SOURCE DATA Block Start

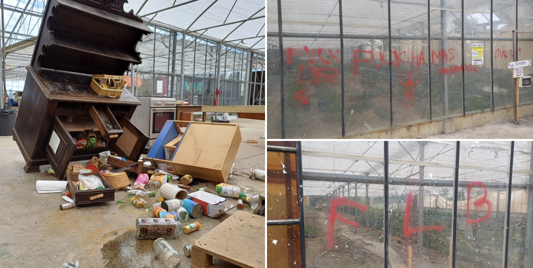 Des dégradations ont été commises ces deux dernières nuits dans les serres de l’association A4, à Lannion (22). Des tags « FLB » et « Fuck Hamas » y ont notamment été peints lors de la première intrusion. Une plainte a été déposée. 1/ pic.twitter.com/neSkv1h2P1
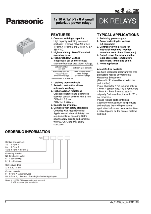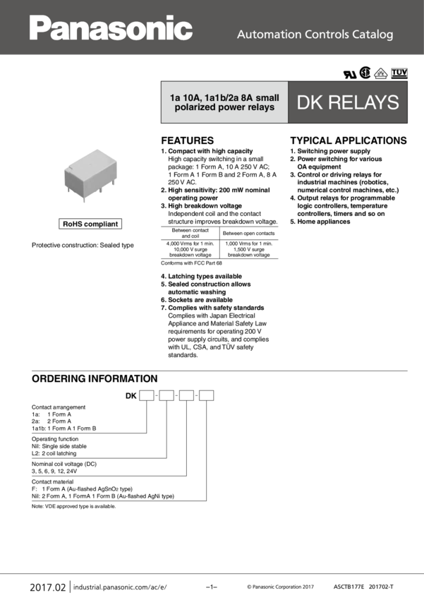 Panasonic DK1A1B-24V Przekaźnik SMT DK1A1B-24V, monostabilny, 1 cewka, 125 V/DC, 250 V/AC, 8 A, 1 szt.
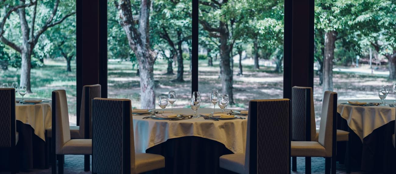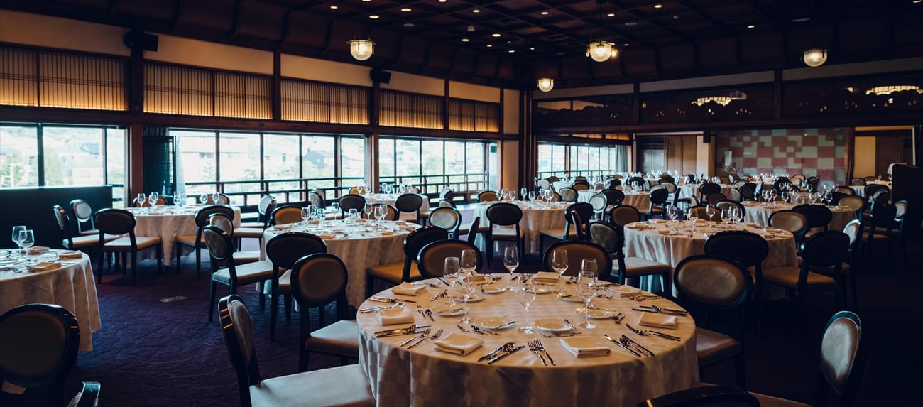 HEIAN JINGU SHRINE Restaurant & Banquet Hall is located within the shrine grounds of the "Heian Jingu Shrine", one of the most famous and prestigious shrines in Japan that was built in 1895 for the 1,100th anniversary of the relocation of the capital city to Heiankyo. The interior boasts traditional Japanese architectural features while you can enjoy an amazing panorama view of the scenic "Shin'en Garden" that spreads outside the window.
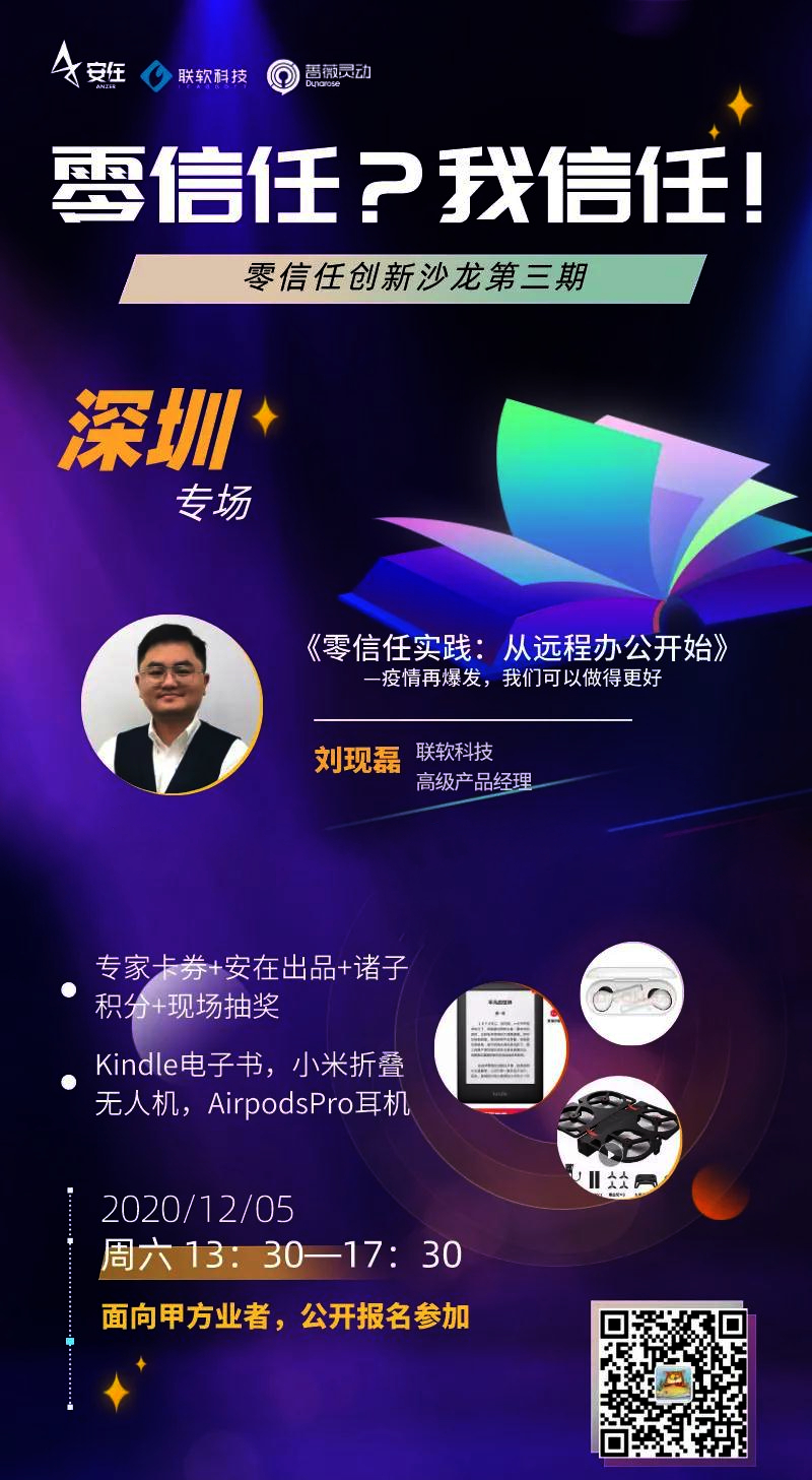 在年初整個(gè)大環(huán)境略顯衰頹的當(dāng)下,網(wǎng)絡(luò)安全行業(yè)逆勢飛揚(yáng),聯(lián)軟科技的零信任方案在疫情期間得到進(jìn)一步成功落地實(shí)踐,助力了多家客戶復(fù)工復(fù)產(chǎn)。在面對(duì)疫情再次來襲的壓力下,我們可以做的更好!掃碼報(bào)名,12月5日,聯(lián)軟分享,給你答疑解惑!

SOURCE DATA Block End

> EXERCISE OBJECTIVE: Begin with the line holding "HEIAN JINGU SHRINE Restaurant" and end with the last line of the listing. Reproduce each of those lines exactly, and leave every picture out.

> SOLUTION TO THE PROBLEM:
 HEIAN JINGU SHRINE Restaurant & Banquet Hall is located within the shrine grounds of the "Heian Jingu Shrine", one of the most famous and prestigious shrines in Japan that was built in 1895 for the 1,100th anniversary of the relocation of the capital city to Heiankyo. The interior boasts traditional Japanese architectural features while you can enjoy an amazing panorama view of the scenic "Shin'en Garden" that spreads outside the window.
 在年初整個(gè)大環(huán)境略顯衰頹的當(dāng)下,網(wǎng)絡(luò)安全行業(yè)逆勢飛揚(yáng),聯(lián)軟科技的零信任方案在疫情期間得到進(jìn)一步成功落地實(shí)踐,助力了多家客戶復(fù)工復(fù)產(chǎn)。在面對(duì)疫情再次來襲的壓力下,我們可以做的更好!掃碼報(bào)名,12月5日,聯(lián)軟分享,給你答疑解惑!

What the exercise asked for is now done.